Pergunte-me se tem valido a pena essa militância tão modesta na imprensa por meio século. E respondo afirmativamente. Aos que gostam de corrida, tem amiga de casa montada… Outros pintam; o meu amigo Ary Garcia criava galos ingleses; o Nelson Heusi tinha cavalos de corrida; falecido Juca Dutra, fotógrafo em Itajaí, tinha uma coleção de terras do mundo inteiro. Eram centenas de vidrinhos com barro de Jerusalém, de Acrópole, do Monte das Oliveiras, de Hiroxima, de Pistóia… E ele nunca saiu da sua cidade. Mas quando os amigos viajavam, ele pedia essas lembranças. Afinal, morreu moço e nunca soube onde sua viúva, dona Norica, guardou essas relíquias. O falecido Curru criava canários de briga… Por que então eu também não poderia ter o meu hobby? Por isso respondo a minha própria pergunta: valeu, sim.

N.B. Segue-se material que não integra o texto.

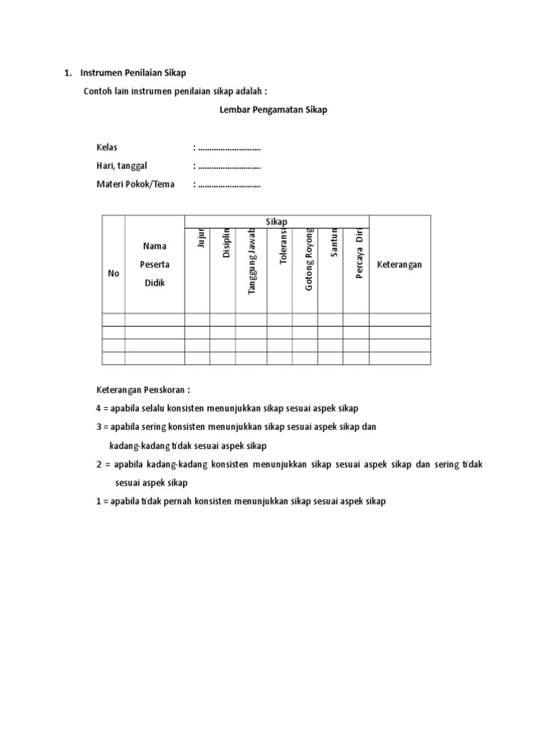 Contoh instrumen penilaian sikap. Persyaratan substansi merepresen tasikan kompetensi yang dinilai persyaratan konstruksi memenuhi persyaratan teknis sesuai dengan bentuk instrumen yang digunakan dan persyaratan bahasa adalah penggunaan bahasa yang baik dan benar serta komunikatif sesuai dengan tingkat perkembangan peserta didik. Penentuan teknik penilaian sikap harus diikuti dengan penentuan instrumen penilaian. Demikianlah ulasan indikator penilaian sikap spiritual dan sikap sosial dalam kurikulum 2013 yang admin sarikan dari modul implementasi kurikulum 2013. Instrumen yang digunakan untuk observasi penilaian diri dan penilaian antarpeserta didik adalah daftar cek atau skala penilaian rating scale yang disertai rubrik. Contoh instrumen penilaian sikap kurikulum 2013 penilaian sikap dalam kurikulum 2013 dilakukan dengan menggunakan teknik observasipengamatan penilaian diri penilaian antar teman dan jurnal catatan guru. Data penilaian sikap bersumber dari hasil penilaian melalui teknik observasi penilaian diri penilaian antarpeserta didik dan jurnal.

Tenho vivido sempre em cidades pequenas onde a imprensa era pouco mais do que um trabalho amadorístico e artesanal. Faz pouco tempo que em Santa Catarina surgiram os diários engajados e profissionalizados. Mas aí eu já era muito velho, muito cheio de pitafes e baldas e nunca pude me acertar com nenhum deles.
 
Sobram-se os pequenos jornais, mais descompromissados, que me aceitam tal qual eu sou, editam o que escrevo, não me cortam nada, não maquiam o meu pensamento, não me pedem para falar ou para silenciar e isso me deixa muito à vontade. Quando um desses jornais fecha, eu passo para outro sempre me oferecendo, sempre dando de graça e pedindo desculpa por estar de costas. É esse o meu jornalismo de meio século.

Não me envergonho de nada que escrevi. Não me pesa a consciência de haver caluniado alguém, nem de haver elogiado ou difamado por dinheiro. Sou basicamente um patriota frustrado. Há cinquenta anos tento salvar o Brasil, que, de resto, nunca precisou da minha salvação.

Para subsistência minha e da família tenho outras atividades. Jornalismo eu faço à noite, aos domingos, aos sábados à tarde. Nas horas tiradas do meu repouso.
 
Falando sinceramente, não sei fazer jornalismo engajado, com hora certa, com espaço a preencher. Escrevo quando quero.
 
E se escrevo mais do que posso publicar, guardo um velho arcaz, de onde retiro coisas antigas que não têm mais nenhuma utilidade. Dali, jogo no lixo.
Tem valido a pena? Tem, sim. Fico pensando: se nesses cinquenta anos que escrevo por puro diletantismo estivesse criando canários, onde poria toda essa passarinhada?

(Publicado em Aponte – 1ª semana de janeiro de 1985 e no livro Imponderáveis do Destino lançado pela Academia Catarinense de Letras. Pesquisa e organização de Lauro Junkes).